Among the lines of data below, reproduce only those from the one with "-Prestations Communes : Le" through the one with "- Carpeted bedroom", exactly as they stand, both ends included.

------------------------------------------------

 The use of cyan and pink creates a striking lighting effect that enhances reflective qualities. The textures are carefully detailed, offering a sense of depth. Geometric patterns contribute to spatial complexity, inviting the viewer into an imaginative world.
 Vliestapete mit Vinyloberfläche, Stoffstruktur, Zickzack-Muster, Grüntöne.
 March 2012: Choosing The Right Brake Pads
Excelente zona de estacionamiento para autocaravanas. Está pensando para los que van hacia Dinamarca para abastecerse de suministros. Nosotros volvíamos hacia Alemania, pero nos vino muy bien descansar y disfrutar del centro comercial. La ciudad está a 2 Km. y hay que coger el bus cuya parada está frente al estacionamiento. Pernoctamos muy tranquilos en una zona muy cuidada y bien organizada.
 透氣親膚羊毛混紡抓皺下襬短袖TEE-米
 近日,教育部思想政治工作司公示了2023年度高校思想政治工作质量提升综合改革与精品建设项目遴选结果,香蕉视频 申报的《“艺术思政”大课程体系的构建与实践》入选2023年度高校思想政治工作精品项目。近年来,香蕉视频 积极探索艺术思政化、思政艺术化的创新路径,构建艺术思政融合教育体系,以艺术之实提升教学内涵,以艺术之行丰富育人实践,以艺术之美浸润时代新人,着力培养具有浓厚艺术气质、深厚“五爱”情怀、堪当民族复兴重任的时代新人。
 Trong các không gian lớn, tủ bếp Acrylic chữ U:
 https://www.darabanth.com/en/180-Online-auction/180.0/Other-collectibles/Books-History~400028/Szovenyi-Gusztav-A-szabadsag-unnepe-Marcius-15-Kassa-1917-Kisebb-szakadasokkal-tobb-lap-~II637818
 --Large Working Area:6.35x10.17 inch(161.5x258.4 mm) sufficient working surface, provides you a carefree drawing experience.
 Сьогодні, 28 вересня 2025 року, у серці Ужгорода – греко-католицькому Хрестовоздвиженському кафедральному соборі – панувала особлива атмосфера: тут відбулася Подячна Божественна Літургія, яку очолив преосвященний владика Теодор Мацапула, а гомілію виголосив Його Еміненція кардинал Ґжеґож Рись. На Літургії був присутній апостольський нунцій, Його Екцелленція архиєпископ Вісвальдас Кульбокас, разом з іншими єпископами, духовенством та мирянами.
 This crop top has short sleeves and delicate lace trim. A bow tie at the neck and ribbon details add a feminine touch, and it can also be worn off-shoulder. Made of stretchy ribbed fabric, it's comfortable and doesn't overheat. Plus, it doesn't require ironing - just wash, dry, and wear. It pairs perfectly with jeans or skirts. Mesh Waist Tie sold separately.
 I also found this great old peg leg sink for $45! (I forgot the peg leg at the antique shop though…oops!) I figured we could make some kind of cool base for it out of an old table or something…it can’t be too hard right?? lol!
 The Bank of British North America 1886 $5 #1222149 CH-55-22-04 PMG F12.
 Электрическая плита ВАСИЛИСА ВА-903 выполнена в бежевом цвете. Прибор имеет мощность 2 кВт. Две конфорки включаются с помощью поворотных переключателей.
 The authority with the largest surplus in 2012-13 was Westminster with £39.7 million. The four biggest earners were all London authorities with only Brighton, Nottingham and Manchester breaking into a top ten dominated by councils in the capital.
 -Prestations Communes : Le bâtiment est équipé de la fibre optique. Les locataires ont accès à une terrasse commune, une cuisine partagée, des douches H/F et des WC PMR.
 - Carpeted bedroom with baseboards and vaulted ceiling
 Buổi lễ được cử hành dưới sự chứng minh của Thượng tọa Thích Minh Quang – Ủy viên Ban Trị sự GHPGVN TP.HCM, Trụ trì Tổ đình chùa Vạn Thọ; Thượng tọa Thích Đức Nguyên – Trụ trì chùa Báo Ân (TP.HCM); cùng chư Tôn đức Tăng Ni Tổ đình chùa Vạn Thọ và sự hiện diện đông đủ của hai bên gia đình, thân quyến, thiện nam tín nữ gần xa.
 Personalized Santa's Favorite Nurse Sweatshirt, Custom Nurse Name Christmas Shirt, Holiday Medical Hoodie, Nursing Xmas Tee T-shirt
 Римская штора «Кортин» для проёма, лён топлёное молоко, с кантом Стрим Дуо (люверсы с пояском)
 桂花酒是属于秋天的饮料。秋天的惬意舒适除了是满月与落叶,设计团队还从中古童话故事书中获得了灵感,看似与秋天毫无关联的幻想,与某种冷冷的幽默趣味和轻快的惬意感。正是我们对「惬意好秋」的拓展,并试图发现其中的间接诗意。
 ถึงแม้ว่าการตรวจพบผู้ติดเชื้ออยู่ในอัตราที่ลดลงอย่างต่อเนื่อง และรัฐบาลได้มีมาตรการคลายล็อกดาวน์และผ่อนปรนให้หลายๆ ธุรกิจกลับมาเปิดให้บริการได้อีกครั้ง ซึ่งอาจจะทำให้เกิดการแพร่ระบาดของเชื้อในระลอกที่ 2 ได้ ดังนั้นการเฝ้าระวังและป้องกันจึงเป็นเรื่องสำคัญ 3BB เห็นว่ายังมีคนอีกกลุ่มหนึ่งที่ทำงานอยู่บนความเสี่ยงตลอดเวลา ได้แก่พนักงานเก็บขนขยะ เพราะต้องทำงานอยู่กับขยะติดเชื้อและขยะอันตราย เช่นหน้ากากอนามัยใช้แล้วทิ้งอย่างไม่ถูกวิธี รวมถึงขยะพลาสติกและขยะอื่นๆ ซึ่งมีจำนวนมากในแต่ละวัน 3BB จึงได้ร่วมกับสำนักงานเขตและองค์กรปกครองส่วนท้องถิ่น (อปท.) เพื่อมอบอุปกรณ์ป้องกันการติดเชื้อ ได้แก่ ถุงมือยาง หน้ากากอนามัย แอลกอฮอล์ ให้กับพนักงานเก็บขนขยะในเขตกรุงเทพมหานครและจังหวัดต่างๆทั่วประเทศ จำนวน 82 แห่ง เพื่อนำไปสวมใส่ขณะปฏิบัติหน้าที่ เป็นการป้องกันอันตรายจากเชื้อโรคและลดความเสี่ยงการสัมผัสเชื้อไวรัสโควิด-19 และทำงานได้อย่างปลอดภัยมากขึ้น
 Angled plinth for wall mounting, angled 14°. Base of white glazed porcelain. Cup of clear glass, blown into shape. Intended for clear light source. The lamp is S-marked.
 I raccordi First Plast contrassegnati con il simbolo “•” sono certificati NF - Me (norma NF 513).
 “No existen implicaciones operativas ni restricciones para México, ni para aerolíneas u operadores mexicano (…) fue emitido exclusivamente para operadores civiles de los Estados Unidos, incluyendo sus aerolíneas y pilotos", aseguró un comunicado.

------------------------------------------------

* **WRITTEN RESPONSE**
 -Prestations Communes : Le bâtiment est équipé de la fibre optique. Les locataires ont accès à une terrasse commune, une cuisine partagée, des douches H/F et des WC PMR.
 - Carpeted bedroom with baseboards and vaulted ceiling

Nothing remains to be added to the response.